Machine learning algorithm has been used before to improve photos, but the real progress with this particular research is concision of the algorithm so that they are compact and resourceful enough to efficiently and seamlessly run on any user’s device. The software itself if as big as a single digital image and as a blog post from MIT describes, it could be very well capable to “development images in a assortment of styles.”

This proves that in order to train the neural networks, new sets of images can be used and could also be able to replicate a particular photographer’s specific look. In similar way, companies like Facebook and Prisma have produced artistic filters that imitate the style of famous painters. Although smartphones and cameras are already processing the imaging data in real time, these recent techniques are more subtle and spontaneous and rather than applying general settings to the whole of the individual image.

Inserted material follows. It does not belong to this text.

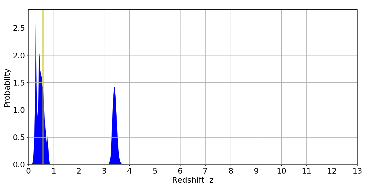 In P(z) plots: Yellow lines mark the cluster redshift z = 0.570,

For slimming down the machine learning algorithm, the researchers utilised a few varied techniques. These consisted of converting the changes made to every photo into formulae and using co-ordinates that are grid-like to map the pictures out. All of this means that the data about how the photos can be retouched can be mathematically expressed, instead of full-scale photos.

Google researcher Jon Barron told MIT that this technology has the probability to be very valuable for real-time image enrichment on a mobile phone. He added that utilising this machine learning algorithm for computational photography has an interesting outlook but it is retrained because of the severe constraints in computation and power of mobile phones. This paper may offer a way to avoid these hindrances and create new, interesting, real-time photographic memories without getting the battery drained or giving a slow viewfinder experience.

It’s not unlikely that this machine learning algorithm will be seen in one of Google’s future Pixel phones. Earlier, the company used its HDR+ algorithms to show more detail in terms of light and shadow on mobile phones right since the time the Nexus 6. And Google’s computational photography lead, Marc Levoy, told The Verge last year that they are “only just begun to scratch the surface” with their work.